モバイルDRAM部分はサムスン電子製で、コストは26ドル、全体の8.2%を占めている。TouchPadには極めて高容量の8GbモバイルDDR2 DRAMが使われている。
「他のタブレット製品で使われている4Gbと比較すると、8Gb DDR2はモバイルDRAMとして非常に大容量である。」Rassweilerは言う。「そして、価格も高い。16GBモデルでは、従来メモリの中で最もコスト高だったNANDフラッシュより高くなっている。しかしながら、メモリ価格はバイト当たりのコストが下がり続けているので、8Gb DRAMがタブレット製品の新しいメモリ標準になっていくと見ている。」
単一機能のQualcommチップ
次にコストが高いのはアプリケーションプロセッサで、Qualcomm製の1.5GHzで動作するデュアルコアのマイクロプロセッサ、APQ8060が使用されている。コストは20ドルで総部品コストの6.3%を占める。

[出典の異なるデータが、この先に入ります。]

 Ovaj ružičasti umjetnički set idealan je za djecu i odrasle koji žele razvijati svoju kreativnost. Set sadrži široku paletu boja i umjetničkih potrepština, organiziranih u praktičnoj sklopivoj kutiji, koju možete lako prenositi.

「IHS iSuppliのティアダウン分析チームでは、これまで多くのQualcommソリューションを見てきたが、3G通信機能などに代表されるQualcommが得意とするワイヤレス機能が付かない単一のQualcommアプリケーションプロセッサを見たのは今回が最初だった。」とRassweilerはコメントする。「TouchPadの次世代版には3Gワイヤレスサービスが利用出来るより完全なQualcommソリューションが搭載されるだろう。」
分厚いバッテリ
バッテリパックのコストは19.4ドルで、総部品コストの6.1を占めている。TouchPadではAmperex Technology製の2セル型リチウムイオンバッテリを採用している。

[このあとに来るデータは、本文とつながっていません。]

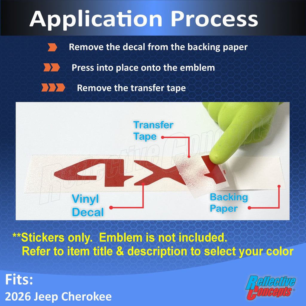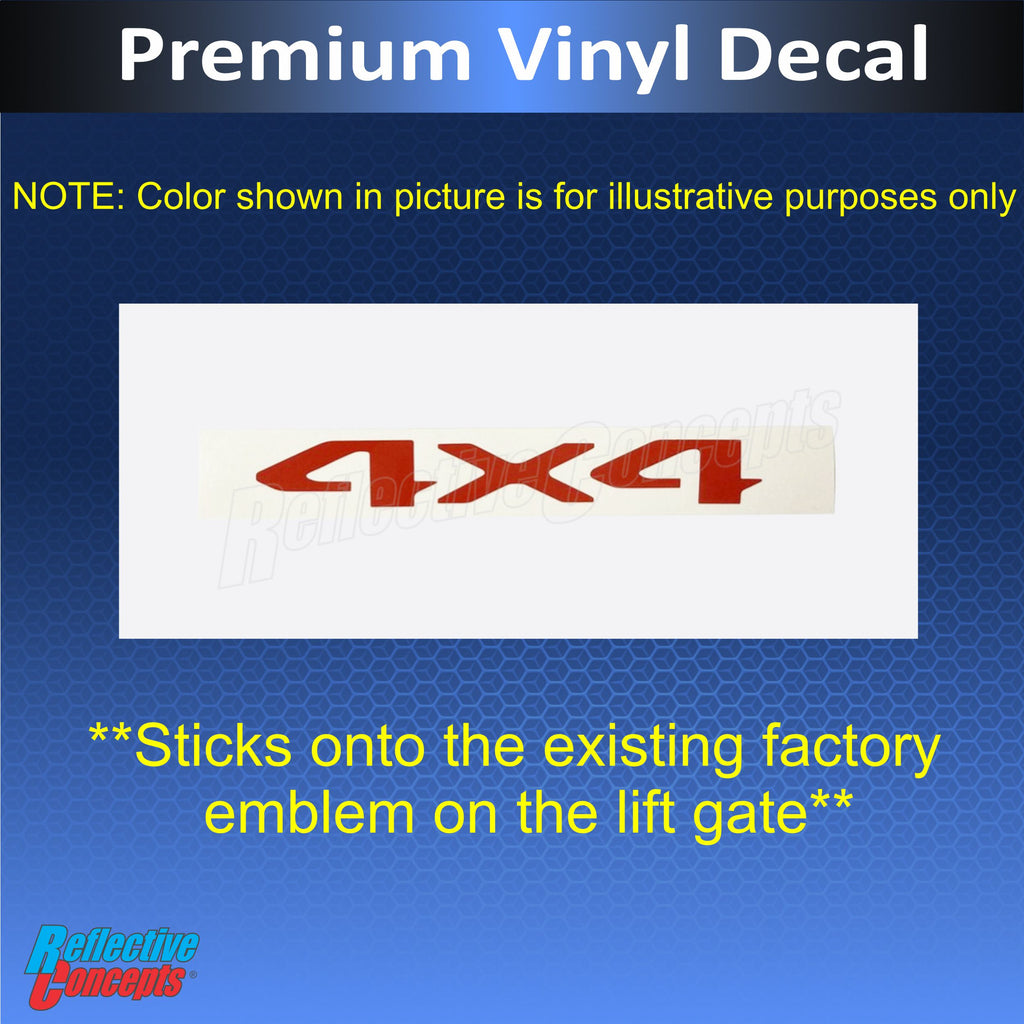 Vinyl decal sized and designed to overlay the flat front face of the 4X4 emblem on the lift gate.

「2セル型を使用している点でTouchPadのバッテリパックはiPadの初代製品に非常に似ている。」と、Rassweilerは指摘した。「これは、より薄型にするために厚い2セル型の代わりに、薄い3セル型を採用しているiPad 2と対象的である。」
強力なパワーマネジメント機能
次にコスト高なのはパワーマネジメントサブシステムの12.5ドルで、総部品コストの3.9%を占めている。ここには6つの主要なICが使われており、供給メーカは、QualcommやTexas Instruments、またMaxim Integrated Productsである。
「TouchPadでは結構なパワーマネジメント機能が装備されている。」とRassweilerは言う。「この傾向は最初のiPadから見られた。それはメディアタブレットの中に、一見不釣り合いな数のパワーマネジメント機能が搭載されていると思われた。しかし、特にバッテリパックは、コストやサイズの制約を受けるため、タブレット製品を使う上でキーとなるバッテリーライフに製造メーカが力を入れている自然な成り行きと言える。」
他の注目される点
ティアダウンを通して他にTouchPadデザインで目立ったサブシステム:
l タッチコントロール/ドライバープリント基板
Cypress Semiconductor 製のモジュラー型ターンキーソリューション。Cypress製チップを6つ搭載。
この分野ではAmtelがCypressの主な競合となっている。
l ユーザーインターフェース
InvenSense製の3軸型ジャイロスコープ。
STMicroelectronics製の3軸型磁力計を集積したワンチップ3軸加速度計
l ワイヤレスLAN/Bluetoothサブシステム
Qualcomm Atheros 製のモバイル用RF機能オンチップソリューション。
このチップは他のソリューションと比較してより少ない外部サポート部品で済む。